Préparation de votre parfum personnalisé :

Mélangez votre base : de 1 à 15 ml des H.E. de votre choix, à 100 ml d’alcool à 70°.
Choisissez un flacon en verre teinté.
Laissez reposer quinze jours à l’abri de la lumière et de la chaleur.
Filtrez… et utilisez !
La puissance de votre parfum dépendra de la force des H.E. utilisées, ainsi que de leur quantité.
La même base, soit 1 à 15 ml des huiles essentielles choisies, mélangées à 250 ml d’alcool à 70°, peut créer votre eau de toilette personnalisée.
Pour fixer votre parfum ou votre eau de toilette, ajouter quelques gouttes d’huile essentielle de Sauge, le meilleur des fixateurs végétaux.

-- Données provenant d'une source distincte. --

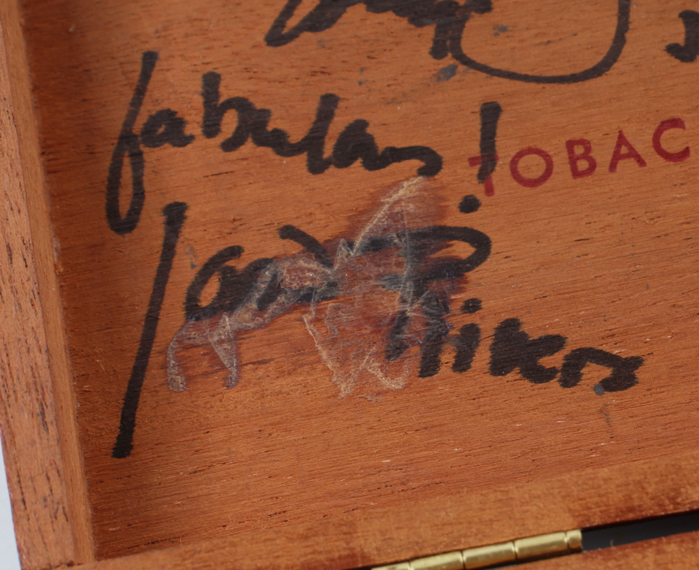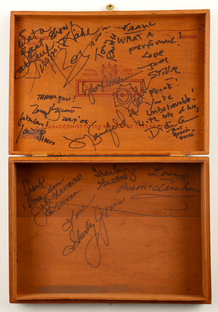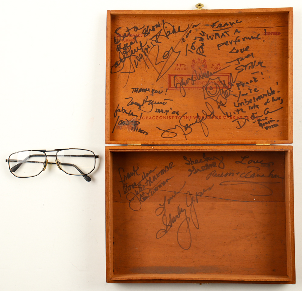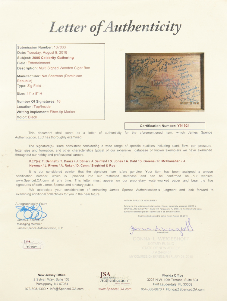 "2005 Celebrity Gathering" Nat Sherman Cigar Box With Eye Glasses measures approximately 8" x 11" x 2" in dimension and has been hand-signed and inscribed by (16) with Tony Bennett, Jerry Stiller, Jerry Seinfeld, Siegfried & Roy, Shirley Jones, Julie Newmar, Joan Rivers, Tony Danza, Al Roker, Rue McClanahan, Shecky Greene and (4) others. Please note, the cigar box has cracks, staining and scuffing and the eye glasses have scratches.

L’Ambre, le Musc, la Civette sont généralement employés en parfumerie.
La législation sur les titrages, les degrés d’alcool est très sévère.
La préparation des parfums commercialisés demande de grandes connaissances, et le spécialiste de la création des parfums s’appelle un « nez ».
Précaution : l’utilisation dans vos bases ne devra pas dépasser 1 ml du volume total de base – 5 à 15 ml dans ce cas – pour les essences suivantes : Cannelle, Néroli, Bergamote, Girofle, Thym, Gingembre, Origan… et Menthe.
Un bon conseil :
Choisissez en premier lieu une ou deux huiles essentielles aux notes douces fleuries : Lavande, Verveine, Bois de rose, Santal, Citron, Géranium, Ylang-ylang.
Ensuite, choisissez quelques essences puissantes auxquelles vous ajouterez, peu à peu, quelques gouttes, au maximum 1/20 de la base de départ : Girofle, Coriandre, Cannelle, Muscade, Néroli, Rose.
Puis ajoutez votre base, selon vos désirs, en respectant ces deux premiers principes.
Souvenez-vous que quelques gouttes d’essence de Sauge « fixent » votre parfum, et que le Cèdre, bois très neutre, « développe le parfum » d’autres huiles essentielles plus corsées.
Exemple numéro 1 : base douce, féminine et enveloppante.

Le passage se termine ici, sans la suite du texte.